There are several other instances (both correct and incorrect/outdated) of physics mentioned in Ulysses, including Bloom, who, according to Manos, misunderstands the science of X-rays. His confusion about parallax. I’m trying to figure out what causes the Dead Sea’s buoyancy. Reminiscing about Archimedes’ “Burning Glass”. See the rainbow colors in the splash. And I wonder why I can hear the ocean when I hold a seashell to my ear.Manos believes that introducing literature such as Ulysses Enrolling in a physics course may not only be a boon for non-major students, but may encourage physics and engineering students to learn more about literature.
In fact, Manos notes that his pre-1995 paper introduced useful introductory physics problems related to distance, velocity, and time. Ulysses begins with Stephen Dedalus and his roommate, Buck Mulligan, standing in the Martello Tower overlooking the bay in Sandy Cove. Mulligan shaves his beard and is cunning and performs “obvious miracles.” When Mulligan whistles, a passing mail ship immediately whistles back. Through a shaving mirror, Mulligan spotted a mail boat making two normal explosions about a mile away at that time in the morning.

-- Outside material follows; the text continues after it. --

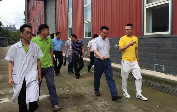 2019年7月18日,中共都江堰市市委副书记张明等领导一行莅临九州在线调研指导,【官网】药业总经理周金龙以及各部门负责人陪同接待。

Using a simple expression (t = d/v), “Students can easily calculate that at the speed of light, Mulligan would have seen 5.4 x 10 steam.-6 Manos writes: “At 1100 feet per second, the sound would have traveled a mile to Martello Tower in 4.8 seconds and Mulligan would have been given time to whistle skyward (“pause”) and wait. He responded to the heavens (the departure whistle of the mail boat) and accomplished his apparent miracle. “
DOI: The Physics Teacher, 2021. 10.1119/5.0028832 (About DOI).